» Task brief
Retype each line of the data below exactly, beginning with the first and ending with the one that contains "Ascii by Keetar". Pictures do not belong in the copy.

» Data under study
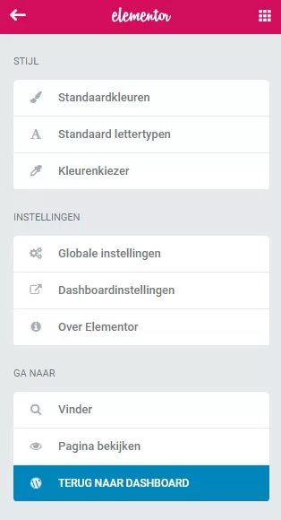 Door hierop te klikken kun je de pagina bekijken zonder de Elementor sidebar. Deze opent in een nieuw tabblad.
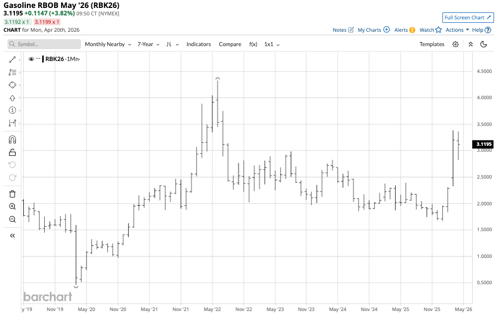 NYMEX RBOB gasoline futures rose 84.9% from a low of $1.8305 in February 2026 to a high of $3.3854 per gallon wholesale in March 2026.
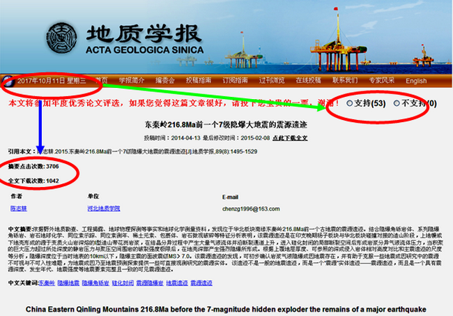 2015年8月,已有95年创刊历史的国内著名地学类权威学术期刊之一的《地质学报》,以“东秦岭216.8Ma前7.0级隐爆成因大地震的震源遗迹”为题,刊载了bat365官网陈志耕教授的东秦岭震源遗迹科学发现成果。
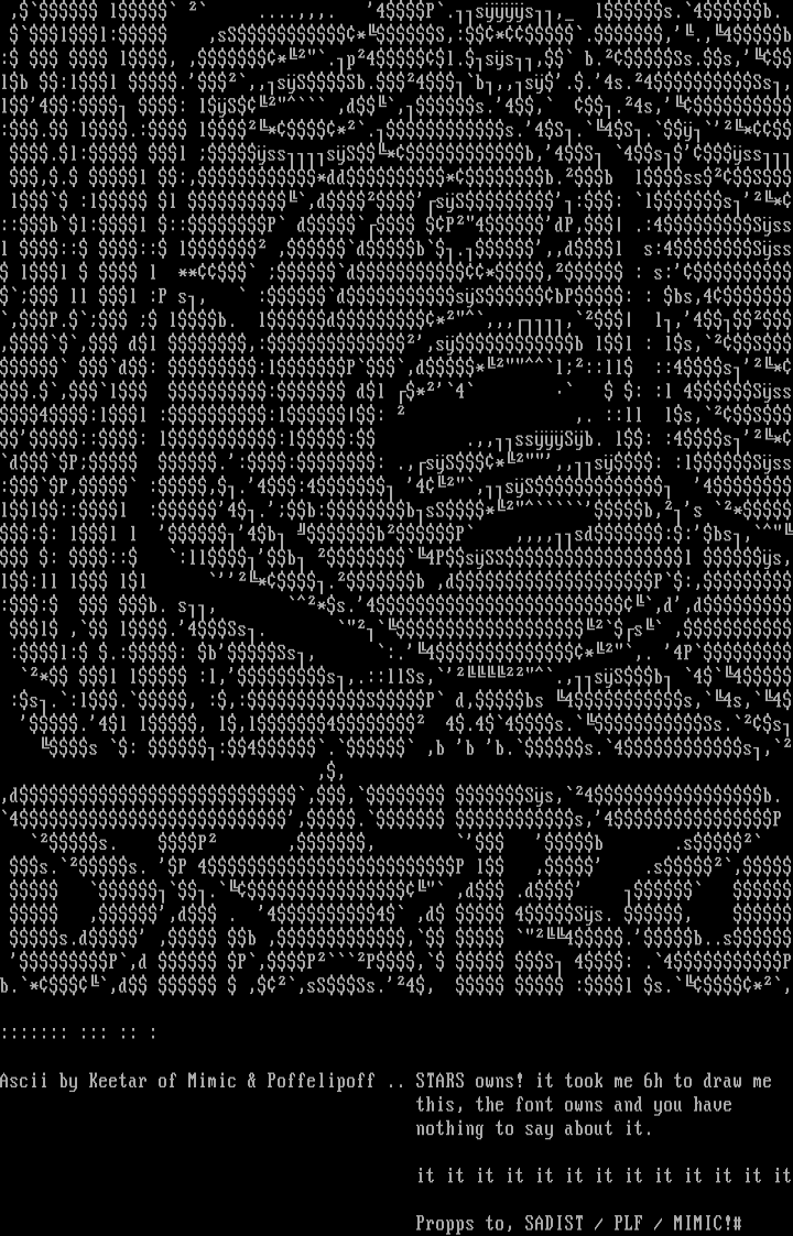 Ascii by Keetar of Mimic Poffelipoff .. STARS owns! it took me 6h to draw me
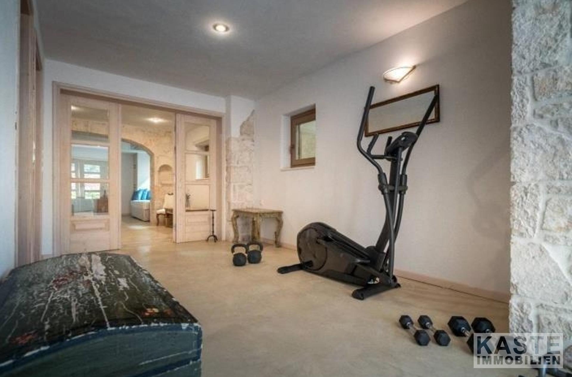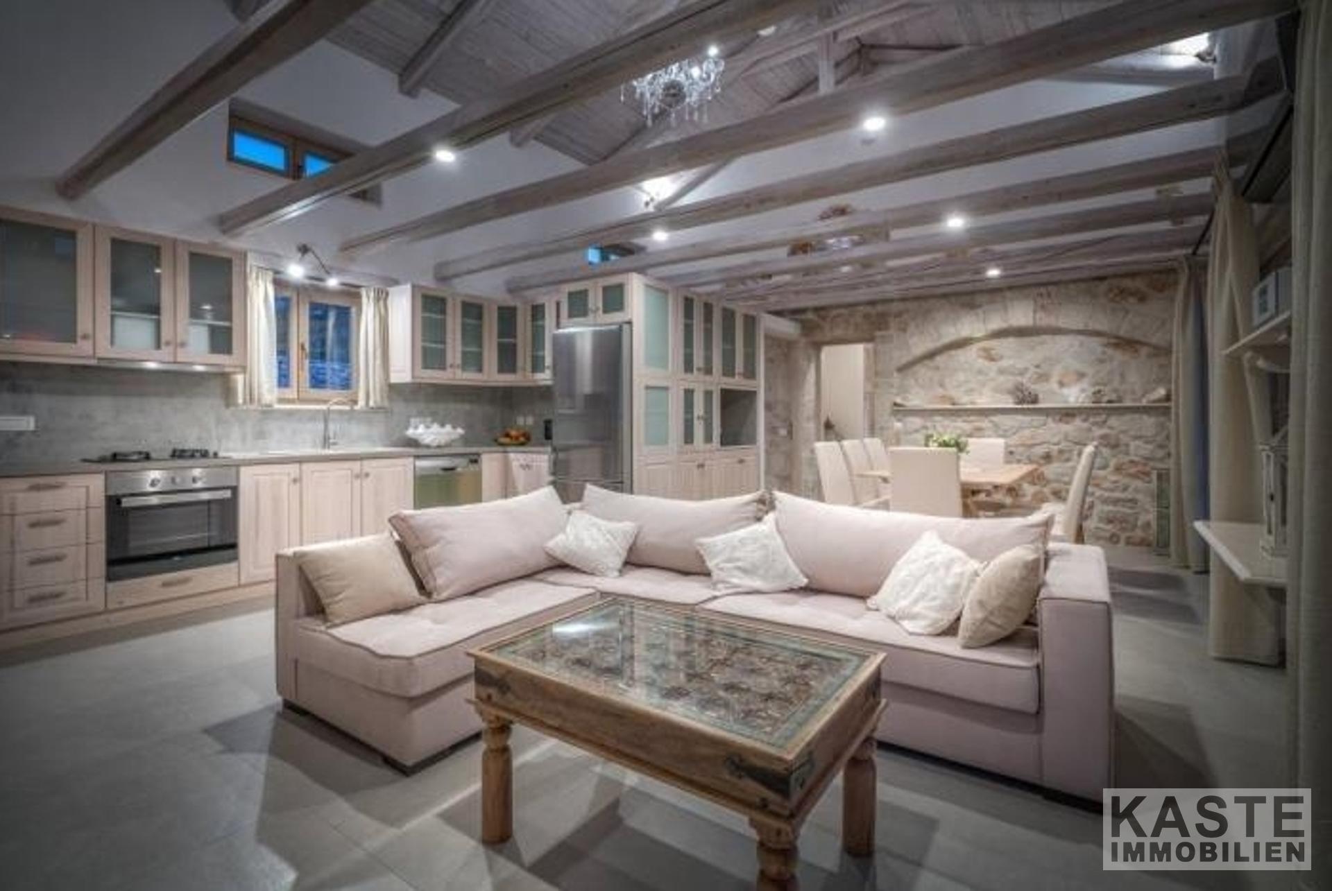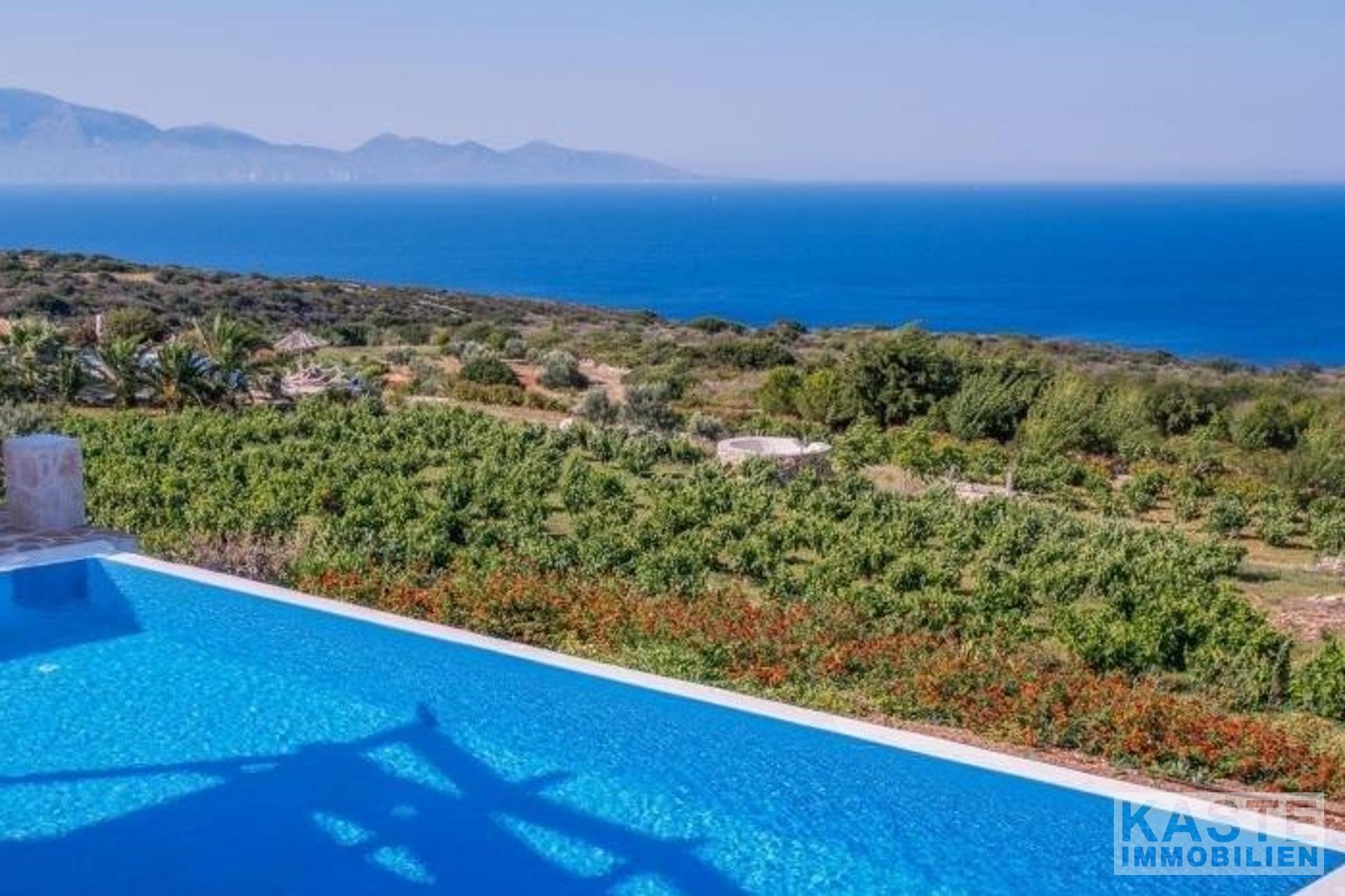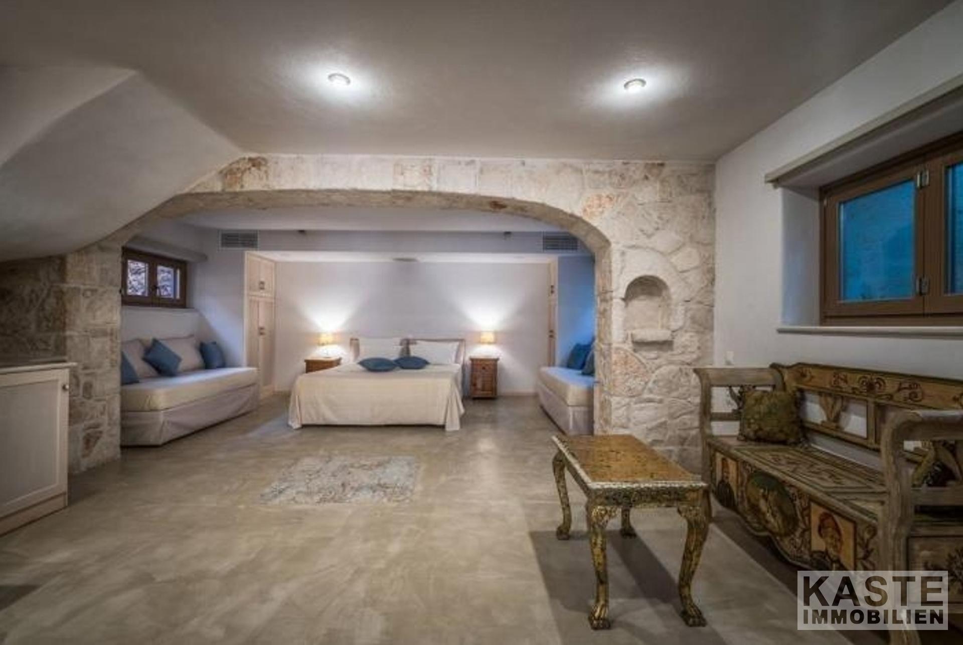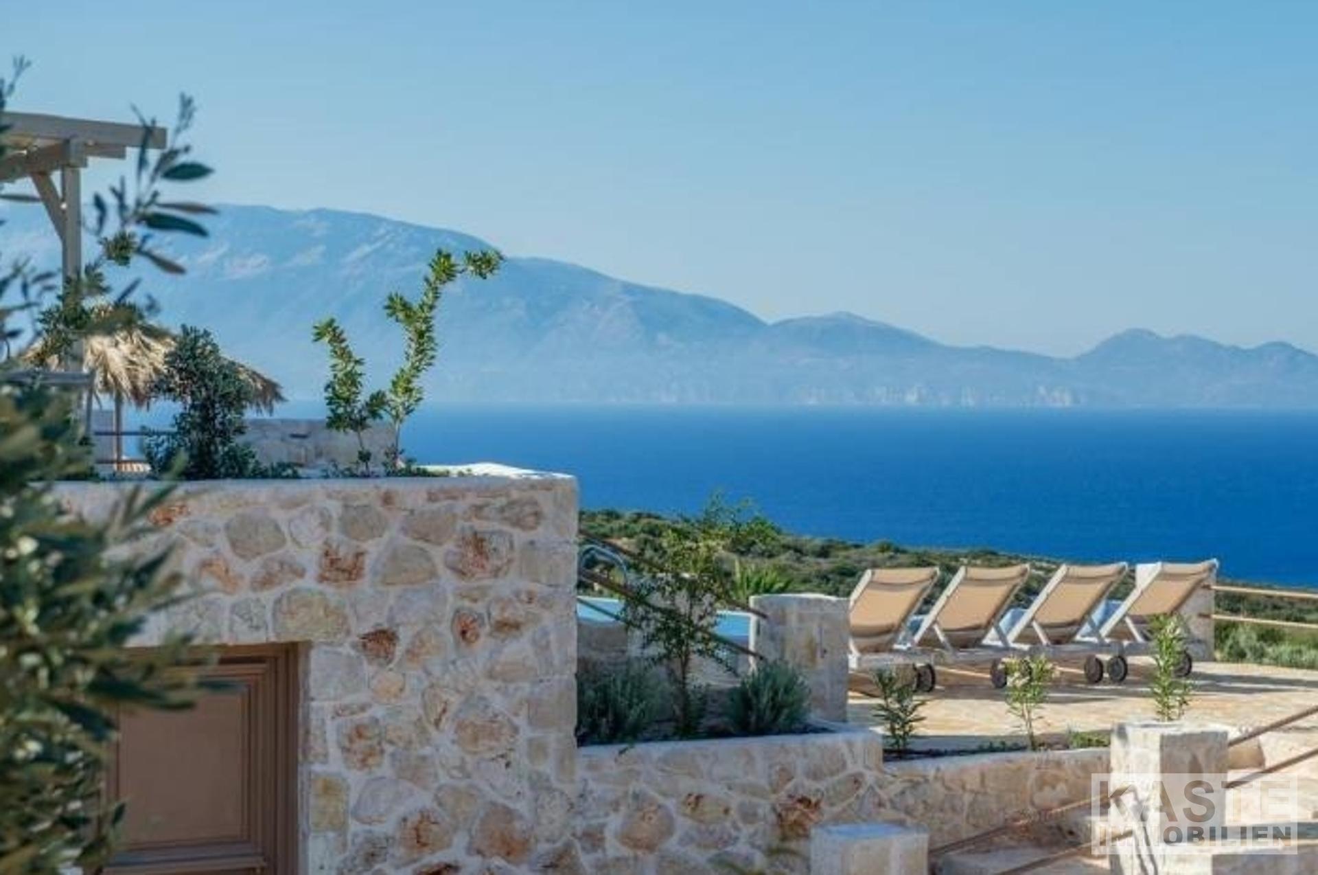 Diese luxuriöse, voll klimatisierte Villa mit 4 Schlafzimmern ist 200 qm groß und kann bis zu 10 Gäste beherbergen. Sie verfügt über einen eigenen Pool mit Hydromassage, ein exklusives Hammam und einen direkten Zugang zum Meer. Im Erdgeschoss befindet sich eine große, voll ausgestattete offene Küche mit Wohn-/Essbereich. Zwei weitreichende, quadratische, getäfelte Türen lassen das tiefe Blau des Ionischen Meeres und die Aussicht auf Kefalonia im Hintergrund erstrahlen. Eine schöne Holzbalkendecke bewahrt den authentischen Stil und kombiniert ihn mit einem modernen Touch im Inneren. Auf dieser Ebene befinden sich auch zwei große Doppel-/Zweibettzimmer, die beide über ein eigenes Duschbad verfügen. Von beiden Schlafzimmern aus gelangen Sie direkt in den Hydro-Massage-Poolbereich, der mit Liegen und Sonnenschirmen ausgestattet ist. Unter der überdachten Veranda befindet sich ein eleganter Essbereich, der an warmen Sommerabenden zum Essen im Freien einlädt. Wenn Sie die Innentreppe hinuntergehen, gelangen Sie in den Fitnessbereich. Angrenzend an den Fitnessraum befindet sich das Hammam/Dampfbad mit Dusche und Toilette. Auf der unteren Ebene befinden sich zwei weitere Schlafzimmer, ein sehr großes Familienzimmer mit Sitzgelegenheit und Ankleidebereich und ein weiteres Schlafzimmer mit Doppelbett. Große Massivholztüren führen auf die untere Terrasse und grenzen an den Weinkeller. Eine Treppe führt hinauf zum Poolbereich, wo Sie den Tag mit den Klängen der Natur ausklingen lassen können. Die Villa steht auf einem ca. 6500 qm großen Grundstück, von dem 5000 qm ein herrlicher Weinberg sind, der nicht nur beeindruckend aussieht, sondern Sie haben auch die Möglichkeit, Ihren eigenen Wein zu produzieren. Die nördliche Region von Zakynthos ist bekannt für ihre natürliche Schönheit und ist der ideale Ort für diese hochwertige Villa.

» Exercise response
 Door hierop te klikken kun je de pagina bekijken zonder de Elementor sidebar. Deze opent in een nieuw tabblad.
 NYMEX RBOB gasoline futures rose 84.9% from a low of $1.8305 in February 2026 to a high of $3.3854 per gallon wholesale in March 2026.
 2015年8月,已有95年创刊历史的国内著名地学类权威学术期刊之一的《地质学报》,以“东秦岭216.8Ma前7.0级隐爆成因大地震的震源遗迹”为题,刊载了bat365官网陈志耕教授的东秦岭震源遗迹科学发现成果。
 Ascii by Keetar of Mimic Poffelipoff .. STARS owns! it took me 6h to draw me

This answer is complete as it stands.